February’s Book Club explored Tracy Chevalier’s The Virgin Blue.

Chevalier is most famous for her novel Girl with a Pearl Earring but this debut introduces many of the themes that Chevalier brings into her later work, including a love of history and art.

The Virgin Blue is beautifully and carefully described with a lot of time spent on sensory depiction.

Although a historical novel, at heart it is a domestic drama. When Ella, a young American, moves to France, she finds her life begins to intersect with her ancestors in unusual ways. Once there, Ella looks into her family history and her ancestor, Isabelle, so the novel follows the pair in tandem.

The mystery of her ancestor’s life is compelling and certainly kept us reading till the end.

Although not the focus of the novel, the depiction of rural religious practices and how religious persecution manifested itself on the ground was really illuminating to read.

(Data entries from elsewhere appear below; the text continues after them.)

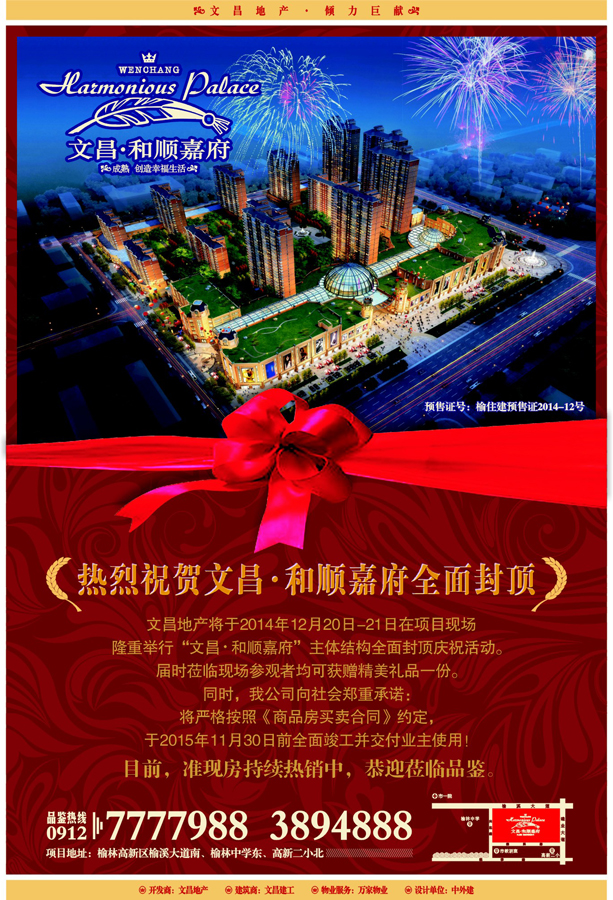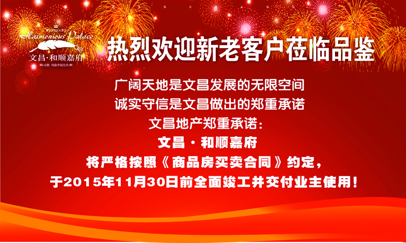 文昌地產(chǎn)將于2014年12月20日-21日在項(xiàng)目現(xiàn)場(chǎng)隆重舉行“文昌.和順府”主體結(jié)構(gòu)全面封頂慶祝活動(dòng)。屆時(shí)蒞臨現(xiàn)場(chǎng)參觀者均可獲贈(zèng)精美禮品一份。同時(shí),我公司向社會(huì)鄭重承諾:將嚴(yán)格按照《商品房買(mǎi)賣(mài)合同》約定,于2015年11月30日前全面竣工并交付業(yè)主使用!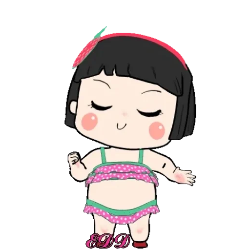 Menina de biquíni rosa com detalhes verdes, cabelo preto e faixa vermelha na cabeça, olhos fechados e bochechas rosadas.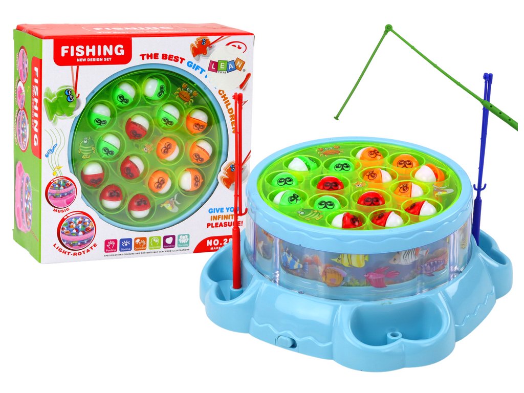 Zahrnuto je i poutavé světelné a zvukové efekty, které dodávají hře na atraktivitě a interaktivitě. Během fungování hračky se jezírko otáčí harmonicky, s barevnými akvarijními rybkami uvnitř, což vytváří magickou atmosféru. Celkové zážitky jsou doplněny příjemnou melodií, která přidává na kouzlu a radosti z celé hry. Není to jen hra, ale skutečný zážitek, který podporuje manuální dovednosti, pozorovací schopnosti a koordinační dovednosti u dětí.
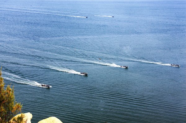 扫残破障队和两栖装甲车泛水编波对岸上目标实施打击、特种破袭队水下隐蔽渗透、直升机搭乘垂直突击队向目标地域接近……18日上午,中俄“海上联合—2016”军事演习联合立体夺控岛礁科目拉开战幕。 (摄影:尚文斌 严家罗 周紫春)

When the anti-Catholic feeling brought about by the arrival of Protestantism in the small village overthrows the village’s cult of the Virgin, Isabelle is shunned and suspected of witchcraft due to her red hair (a similar colour to depictions of the Virgin) and her position as midwife. It definitely brought the complex theology and conspiracies of kings and queens to life in a manner many of us found comprehensible.

However, much of the novel is quite stylised with metaphorical moments that add layers of meaning. It does add a certain contrivance at odds with the rest of the novel and some of us found is a little obvious.

Overall, the novel was an enjoyable read. The end came abruptly which was a shame after such a complex weaving of the story up until that point. Yet that is more of a compliment than a complaint.

After reading several historical fictions set in 16th century France, the Book Club have decided to read some non-fiction. This aims to contextualise some of what we read and give us a deeper understanding of the period before we move on to wider historical novels.

We plan to read The Huguenots by Geoffrey Treasure, a thoughtful historical account of the Huguenot experience, which is available in our shop. We will be focusing on a section of the whole book (Part 3: Religious Wars) but you can read more if you feel daring!

We will meet to discuss it over teas and biscuits on Thursday 29 March at 2pm. The Book Club is free so please bring your friends.